Turner's father was in the real estate business in Baltimore, interested in the development of suburban property. Turner and his brother Robert joined with their father in this enterprise in the period around 1920. In 1922, the Turner family created a suburb called "The Pines on the Severn" in Arnold, Maryland, which continues today as a noted historic suburb along the Severn River north of Annapolis.

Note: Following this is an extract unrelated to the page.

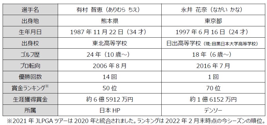 有村選手は、プロ16年目を迎え、米国ツアー出場をはじめとした経験、実績共に豊富な女子プロゴルフ界を代表する選手のひとりです。2021年は賞金総額でランクインを果たし、3年連続でシード権の獲得を果たしました。また、コロナ禍においては女子プロゴルファー有志でSNSのアカウントを立ち上げ、さまざまな企画を通じて女子ゴルフの魅力を発信しています。日本財団選出の「HERO AWARD」受賞に至った「智恵サンタ」も引き続き開催し、積極的な社会貢献活動を継続しています。

On December 18, 1928, in Temple, Texas, Turner married Temple native Marie Christine Robertson Bailiff, the daughter of Huling Robertson and Mary Gatlin Cooke; thereafter she seldom used her first name but went by Christine Robertson Turner. Christine's Robertson ancestry was large in the history of Texas, her grandfather being Elijah Sterling Clack Robertson, the founder of Salado College, and the family homestead in Salado still stands in 2018 as a historic site. Her grandfather, Sterling Robertson was a signer of the Texas Declaration of Independence and founder of The Robertson Colony of Texas, which stretched 100 miles in diameter. Her father, Huling, built most of Temple, and was instrumental in getting the M, K, and T Railroad to run through town. (Missouri, Kansas, and Texas.) He was a state senator for many years. Her mother, Mary (Mamie) founded the Betty Martin chapter of the Daughters of the American Revolution (DAR) in Temple, which is still in operation in 2018.

By 1926, Percy, who used his middle name (Pamorrow) in business, had relocated to Orlando, Florida, where Turner's office was located at 19 Court Street. In Orlando, Turner specialized in residential architecture. An example of his work stands at 219 Phillips Place in the Lake Copeland Historic District. Built in 1926, this is a finely preserved interpretation of the New England Colonial Revival style. It has a very wide board siding which is quite unusual for Orlando, and an unusual red slate roof. It also has fluted Doric columns supporting the entry pediment. Turner's was one of only 10 architectural firms listed in 1926, the others including: Ryan and Roberts (Ida Annah Ryan and Isabel Roberts), Frank L. Bodine, Fred E. Field, David Hyer, Murry S. King, George E. Krug, Howard M. Reynolds and Frederick H. Trimble. And one of 12 firms so listed in Orlando in 1927, which included Maurice E. Kressly.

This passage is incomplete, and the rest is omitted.